Cybersecurity firm Crowdstrike pushed an update that caused millions of Windows computers to enter recovery mode, triggering the blue screen of death. Learn …
Cybersecurity firm Crowdstrike pushed an update that caused millions of Windows computers to enter recovery mode, triggering the blue screen of death. Learn …
Are there really a billion systems in the world that run Crowdstrike? That seems implausible. Is it just hyperbole?
Probably includes a bunch of virtual machines.
Yeah, our VMs completely died at work. Has to set up temporary stuff on hardware we had laying around today. Was kinda fun, but stressful haha.
Could you just revert VMs to a snapshot before the update? Or do you not take periodic snapshots?
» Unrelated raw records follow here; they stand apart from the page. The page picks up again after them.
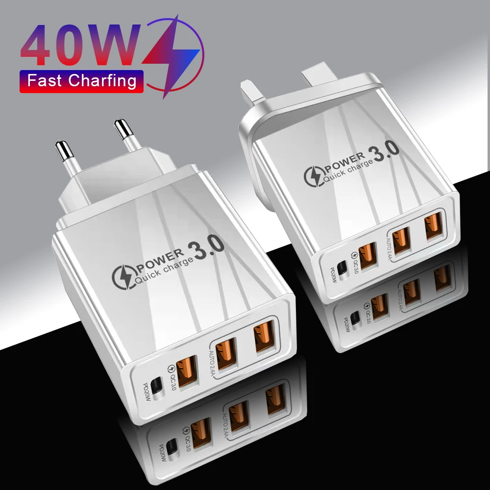 48W USB Charger QC 3.0 Type C PD Fast Charge For iPhone 12 13 Max Samsung S21 Huawei Xiaomi Mobile Phone EU/US Plug Wall Charger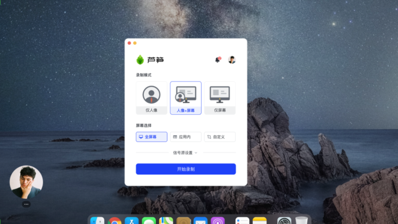 录制设置: 用户可以设置录制声音来源、摄像头开关、画中画模式等。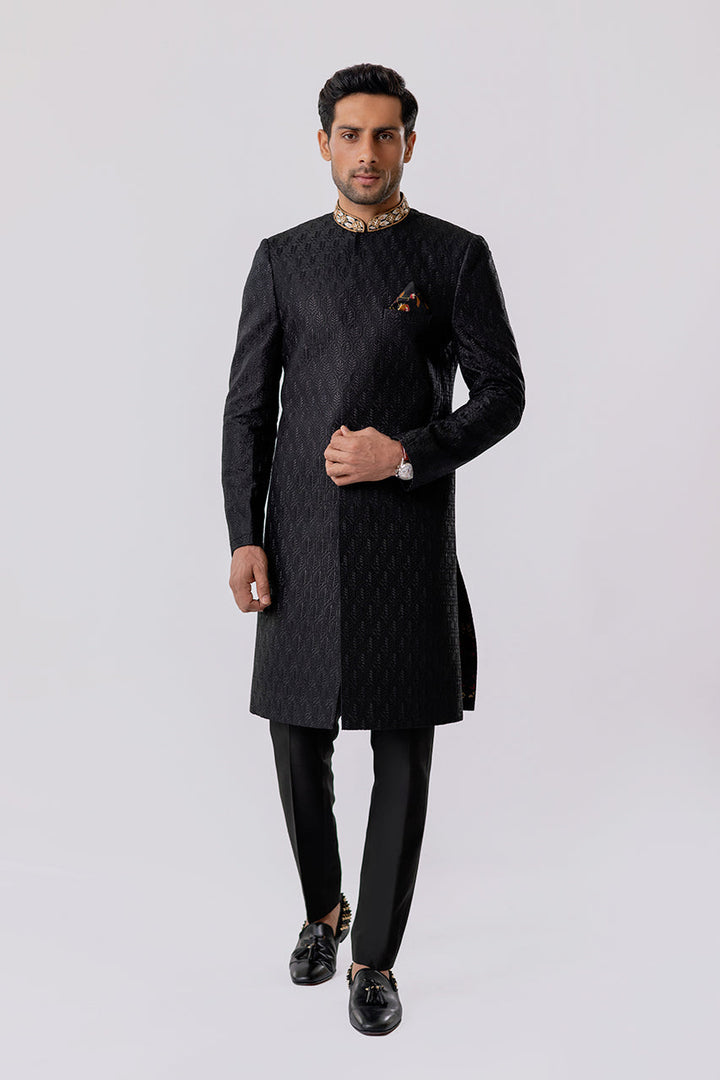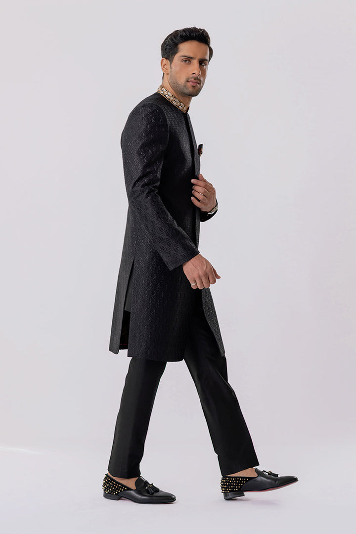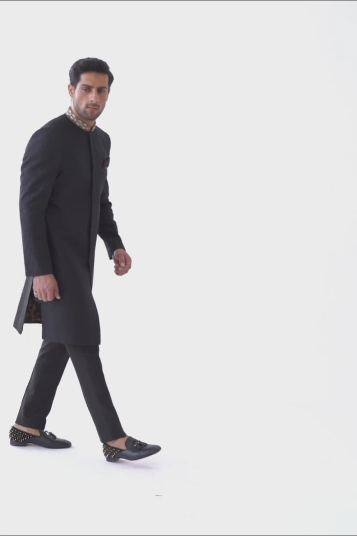 A charcoal raw silk sherwani with an overall embroidered pattern is enhanced with a worked collar and lined with a quintessential SM print in medium silk. The look is completed with matching raw silk trousers.

You could probably also mount the VM’s drive on the host and delete the relevant file that way.
Yeah, like the other person said, corporate IT is responsible for that stuff. I guess they’re working through the weekend to try to get it fixed.
Yes you can just go into safe mode on an affected machine and delete the offending file. The problem is it took a couple hours before that resolution was found, and it has to be done by hand on every VM. I can’t just run an Ansible playbook against hundreds of non-booted VMs. Then you have to consider in the case of servers, there might be a specific start up order, certain things might have to be started before other things and further fixing might be required given that every VM hard crashed. At the minimum it took many companies 6-12 hours to get back up and running and on many more it could take days.
Makes sense - thanks for the details.
Yes
Sounds pretty plausible to me. An organization doesn’t have to be very big to get into the hundreds or thousands of devices on a network when you account for servers and VM.
A company with 40 employees all accessing and RDS server using a company laptop is looking at 85+ devices already
Apparently it’s embedded in Windows through a specific security option (“Falcon Sensor”).
Probably not directly impacting home desktop PCs around the world, and not even most companies running windows, but likely to be active on the big, critical ones.
A billions of computers seems like a lot though.
I doubt it’s too much of a stretch, since even here in australia, we’ve had multiple airlines, news stations, banks, supermarkets and many others, including the aluminium extrusion business my father works at, all go down, scale this do hundreds of countries with populations tenfold of ours, it puts it into perspective that there may even be more than a billion machines affected
Despite how it may seem on Lemmy, most people have not yet actually switched to Linux. This stat is legit.
I know that Windows is everywhere, I just don’t know the percentage of Windows computers that run Crowdstrike.
Keep in mind, it’s not just clients, but servers too. A friend of mine works for a decently sized company that has about 1600 (virtual) servers internationally. And yes, all of them were affected.
You do realize that linux is something like 80% of servers. Which also well out number personal machines. If you include android linux is easily the most used os on the planet.
It’s 80% of web servers but not 80% of ALL servers.
if the question is which os has the most distinct running copies then yeah its linux.